In [12]: pint_xarray.unit_registry = ureg

In [13]: da.pint.quantify("degree")
Out[13]: 
<xarray.DataArray 'b' (lon: 2, lat: 3)> Size: 48B
<Quantity([[13  2  7]
 [ 5  4  9]], 'degree')>
Coordinates:
  * lat      (lat) int64 24B 10 20 30
  * lon      (lon) int64 16B 74 76

Note

To properly work with xarray, the force_ndarray_like or force_ndarray options have to be enabled on the custom registry.

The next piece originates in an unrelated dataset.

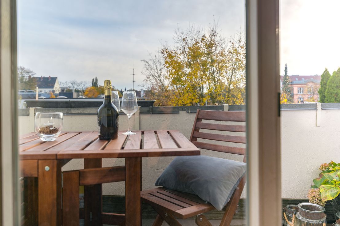 Der Außenbereich des Hauses bietet einen schick angelegten Innenhof, der zum Frühling seine volle Pracht entfaltet. Doch auch jetzt zur kälteren Jahreszeit stimmen die Vögelchen Ihre Gesänge an. Wirklich idyllisch! Nach hinten liegt auch Ihr Balkon, mit Ausblick auf den grünen Innenhof sowie das Planetarium. Der Balkon bietet genügend Raum für Sitzgelegenheiten und schafft viel Licht im angrenzenden Wohnbereich. Hier lässt es sich gut leben.

Without it, python scalars wrapped by pint.Quantity may raise errors or have their units stripped.

Saving with units

In order to not lose the units when saving to disk, we first have to call the Dataset.pint.dequantify() and DataArray.pint.dequantify() methods:

In [14]: ds_with_units.pint.dequantify()
Out[14]: 
<xarray.Dataset> Size: 136B
Dimensions:  (x: 2, y: 3)
Coordinates:
    lat      (y) int64 24B 10 20 30
    lon      (x) int64 16B 74 76
Dimensions without coordinates: x, y
Data variables:
    a        (x, y) float64 48B 11.84 3.12 9.7 7.8 9.3 14.72
    b        (x, y) int64 48B 13 2 7 5 4 9

In [15]: da_with_units.pint.dequantify()
Out[15]: 
<xarray.DataArray 'b' (x: 2, y: 3)> Size: 48B
array([[13,  2,  7],
       [ 5,  4,  9]])
Coordinates:
    lat      (y) int64 24B 10 20 30
    lon      (x) int64 16B 74 76
Dimensions without coordinates: x, y
Attributes:
    units:    meter

This will get the string representation of a pint.Unit instance and attach it as a units attribute. The data of the variable will now be whatever pint wrapped.